RAW DATA
-*-
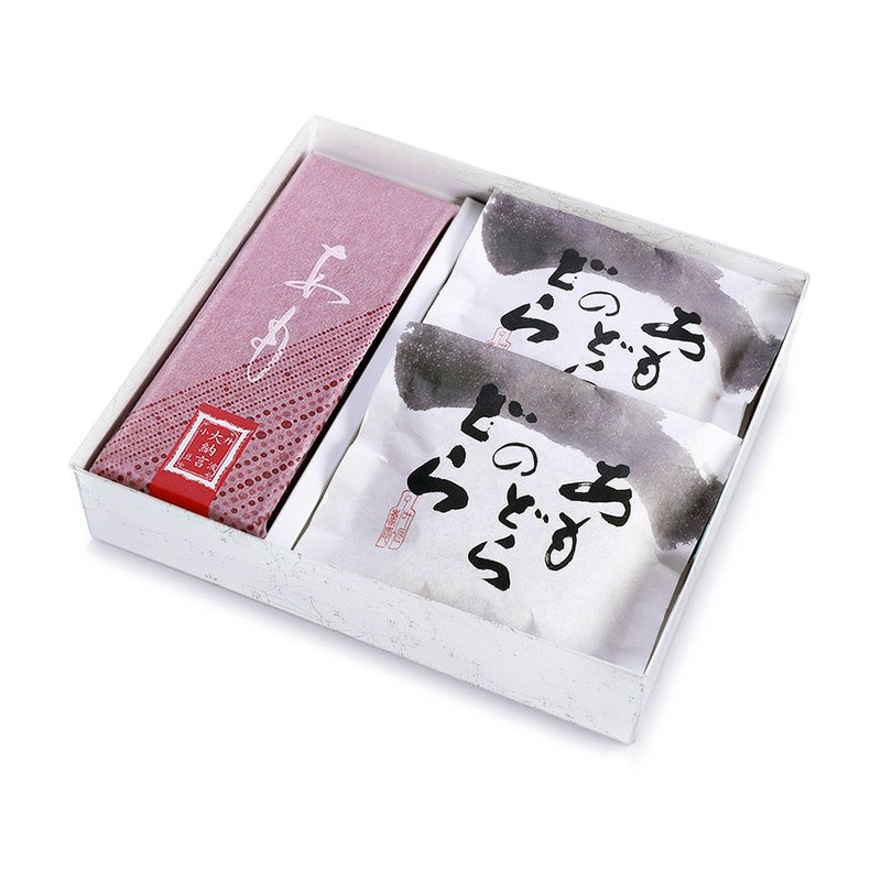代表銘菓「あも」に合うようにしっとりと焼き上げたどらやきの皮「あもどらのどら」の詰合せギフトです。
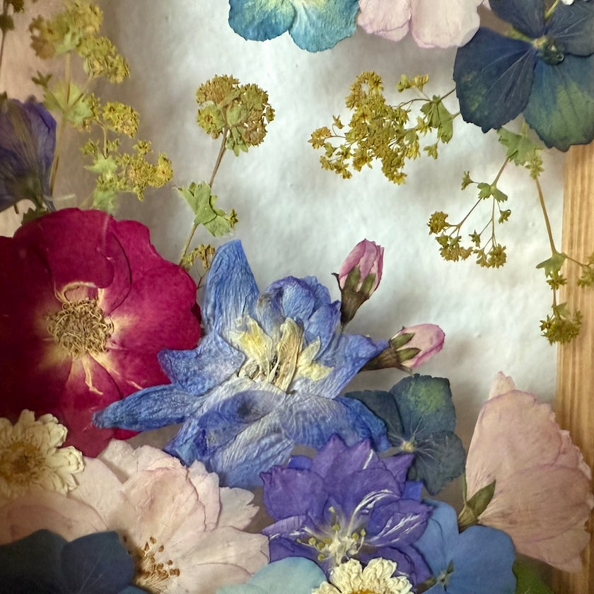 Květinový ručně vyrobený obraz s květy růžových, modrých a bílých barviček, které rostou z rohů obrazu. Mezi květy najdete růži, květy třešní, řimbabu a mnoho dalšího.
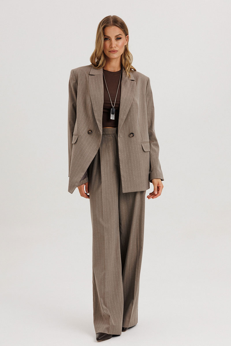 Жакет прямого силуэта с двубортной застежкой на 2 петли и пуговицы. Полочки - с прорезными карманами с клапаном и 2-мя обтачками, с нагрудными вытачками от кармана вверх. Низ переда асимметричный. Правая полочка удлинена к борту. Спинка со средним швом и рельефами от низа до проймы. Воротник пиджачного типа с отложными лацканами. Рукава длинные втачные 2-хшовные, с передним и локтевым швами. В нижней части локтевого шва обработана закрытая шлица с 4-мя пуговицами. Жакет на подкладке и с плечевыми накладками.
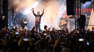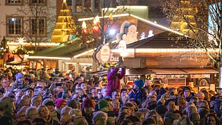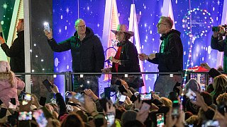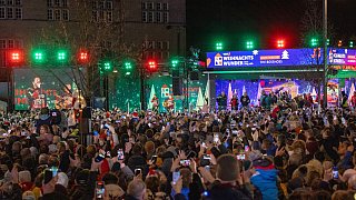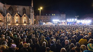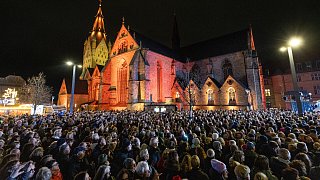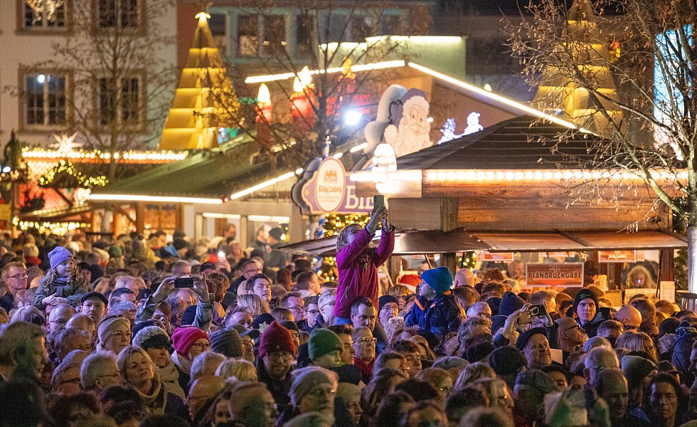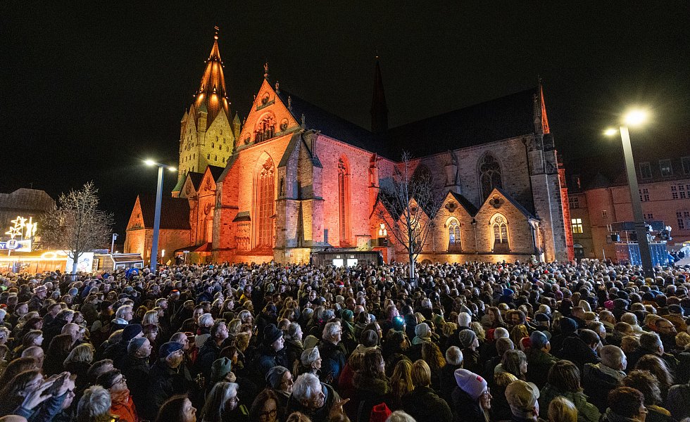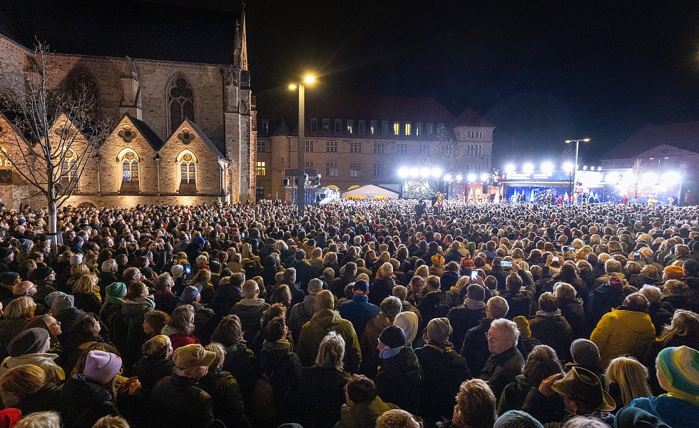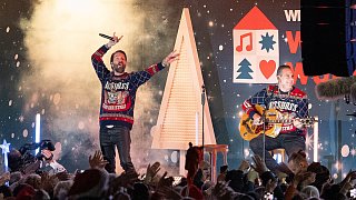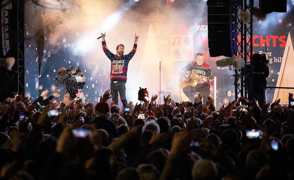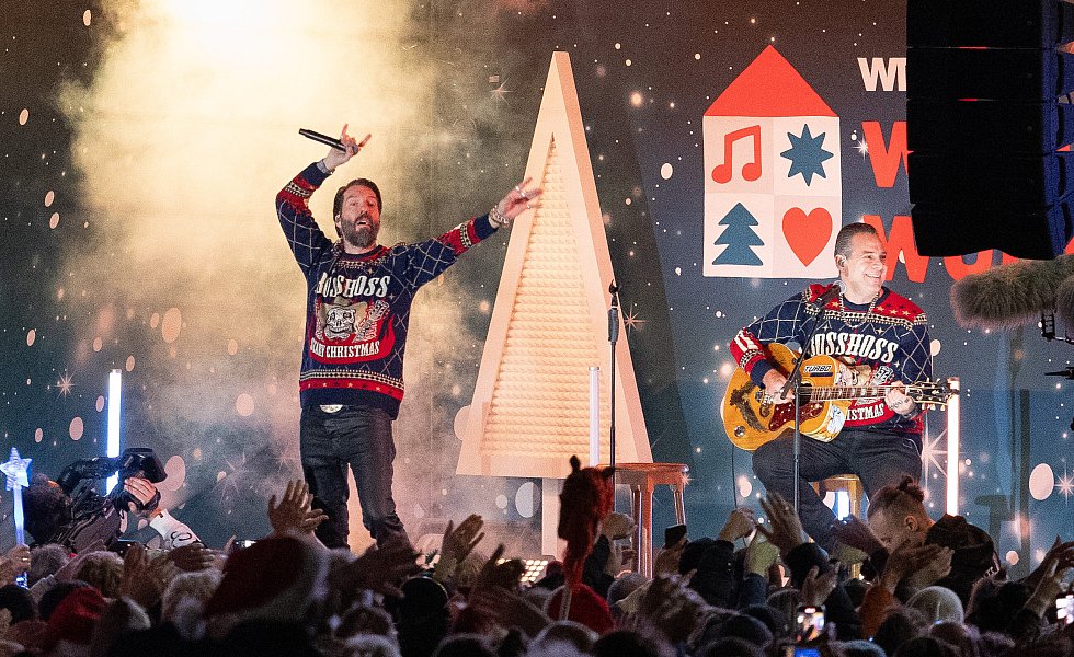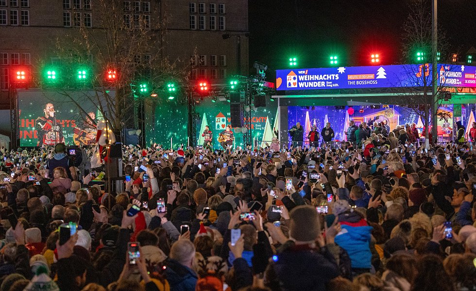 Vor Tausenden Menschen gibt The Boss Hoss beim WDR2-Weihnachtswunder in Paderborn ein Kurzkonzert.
-*-
TASK INSTRUCTIONS
Take the material above from its first line through the line holding "Květinový ručně vyrobený" and set it down exactly, without the pictures.

SOLUTION
代表銘菓「あも」に合うようにしっとりと焼き上げたどらやきの皮「あもどらのどら」の詰合せギフトです。
 Květinový ručně vyrobený obraz s květy růžových, modrých a bílých barviček, které rostou z rohů obrazu. Mezi květy najdete růži, květy třešní, řimbabu a mnoho dalšího.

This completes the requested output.